(Your assignment): Please restate word for word the lines of the entries below from the one with "인터넷 선 (LAN Cable)이" to the one with "嵯峨山近くの斜面はスイセン畑。花にはまだ早かったのが残念", inclusive, and leave out every picture.

(Input material):
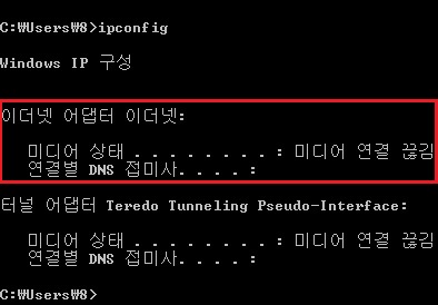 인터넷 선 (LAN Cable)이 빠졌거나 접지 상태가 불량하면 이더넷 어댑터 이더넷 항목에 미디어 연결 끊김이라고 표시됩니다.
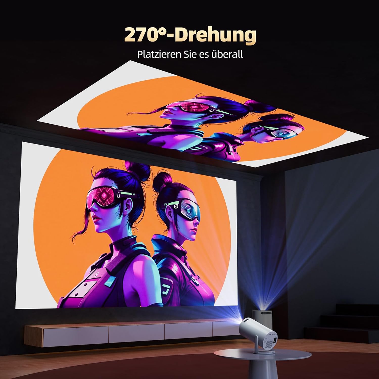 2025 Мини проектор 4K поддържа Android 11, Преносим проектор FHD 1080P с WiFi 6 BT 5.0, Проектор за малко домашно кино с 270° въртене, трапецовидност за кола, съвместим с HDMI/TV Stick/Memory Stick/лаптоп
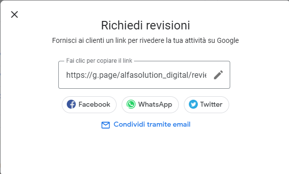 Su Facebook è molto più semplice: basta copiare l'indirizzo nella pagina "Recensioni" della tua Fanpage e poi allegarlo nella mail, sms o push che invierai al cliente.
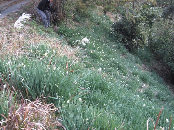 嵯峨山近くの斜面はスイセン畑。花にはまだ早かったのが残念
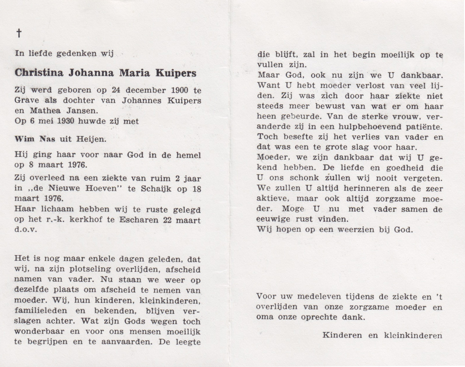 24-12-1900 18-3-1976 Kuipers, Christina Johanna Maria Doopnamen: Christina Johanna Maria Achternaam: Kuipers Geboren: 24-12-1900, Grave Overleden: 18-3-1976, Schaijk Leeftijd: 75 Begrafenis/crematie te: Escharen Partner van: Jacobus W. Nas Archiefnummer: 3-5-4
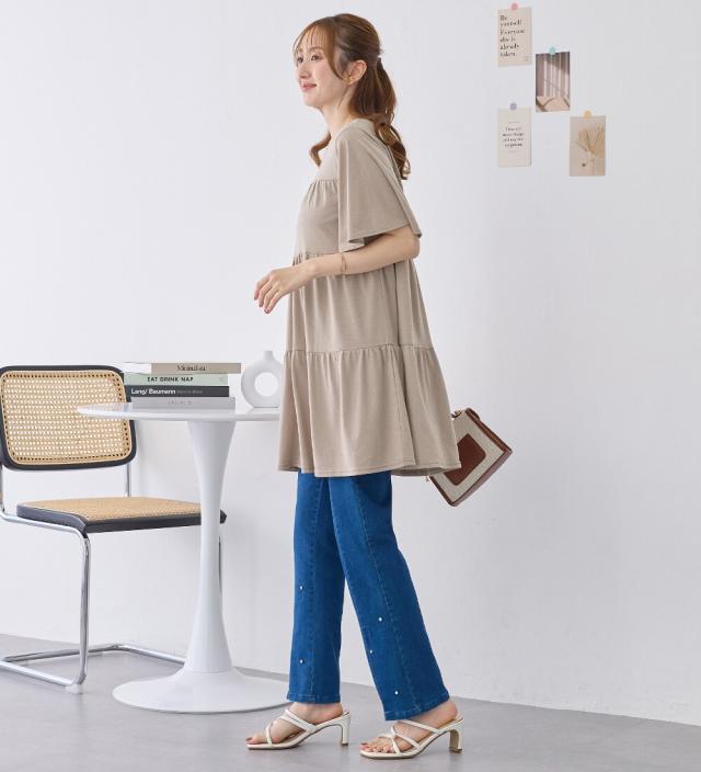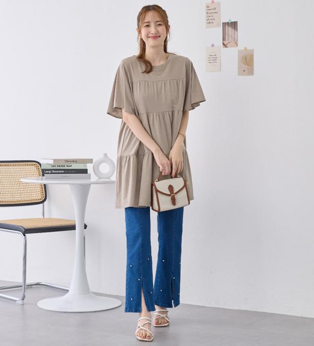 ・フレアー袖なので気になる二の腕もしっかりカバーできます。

--

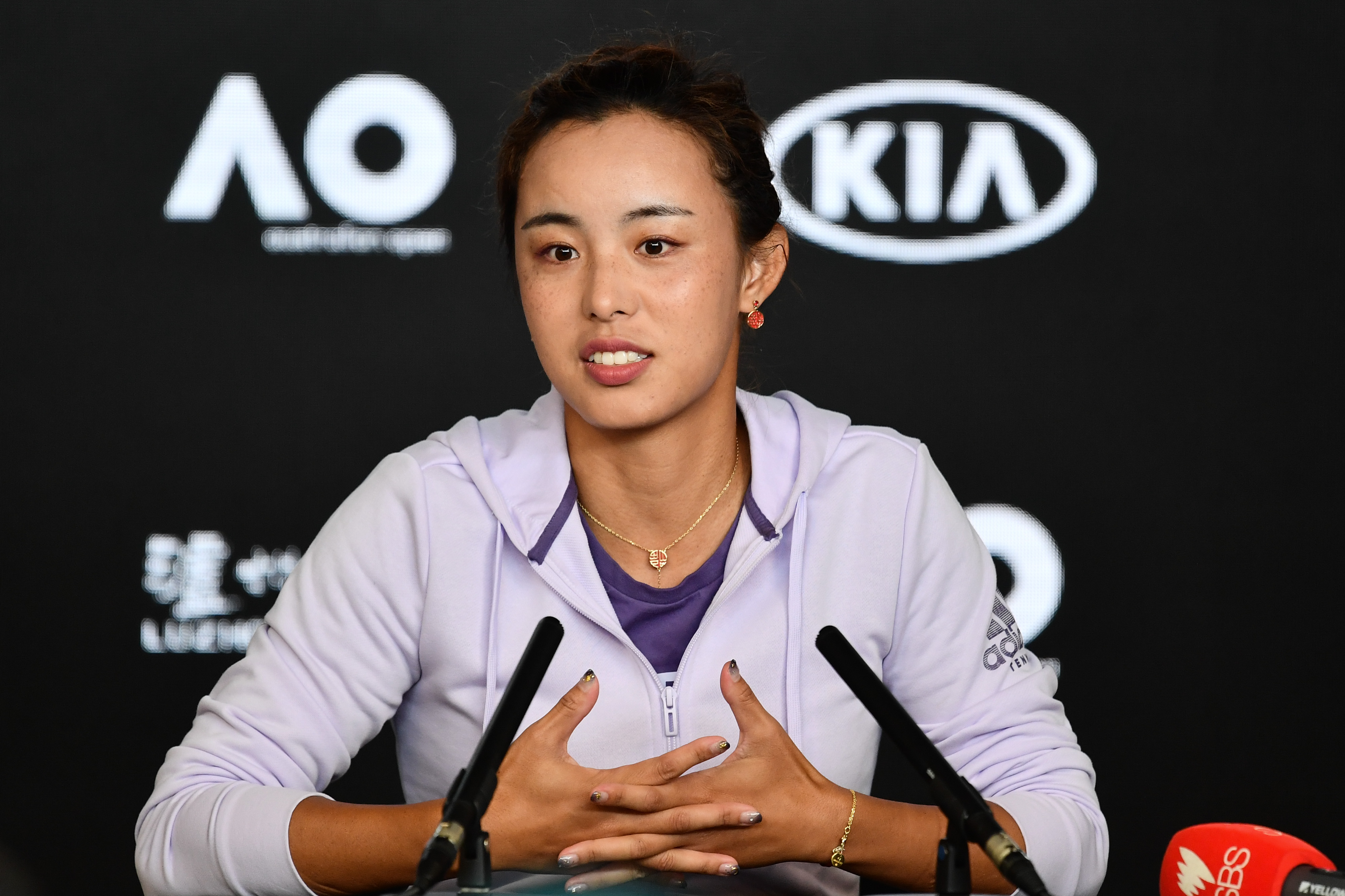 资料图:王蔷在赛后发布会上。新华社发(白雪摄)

(Final answer):
 인터넷 선 (LAN Cable)이 빠졌거나 접지 상태가 불량하면 이더넷 어댑터 이더넷 항목에 미디어 연결 끊김이라고 표시됩니다.
 2025 Мини проектор 4K поддържа Android 11, Преносим проектор FHD 1080P с WiFi 6 BT 5.0, Проектор за малко домашно кино с 270° въртене, трапецовидност за кола, съвместим с HDMI/TV Stick/Memory Stick/лаптоп
 Su Facebook è molto più semplice: basta copiare l'indirizzo nella pagina "Recensioni" della tua Fanpage e poi allegarlo nella mail, sms o push che invierai al cliente.
 嵯峨山近くの斜面はスイセン畑。花にはまだ早かったのが残念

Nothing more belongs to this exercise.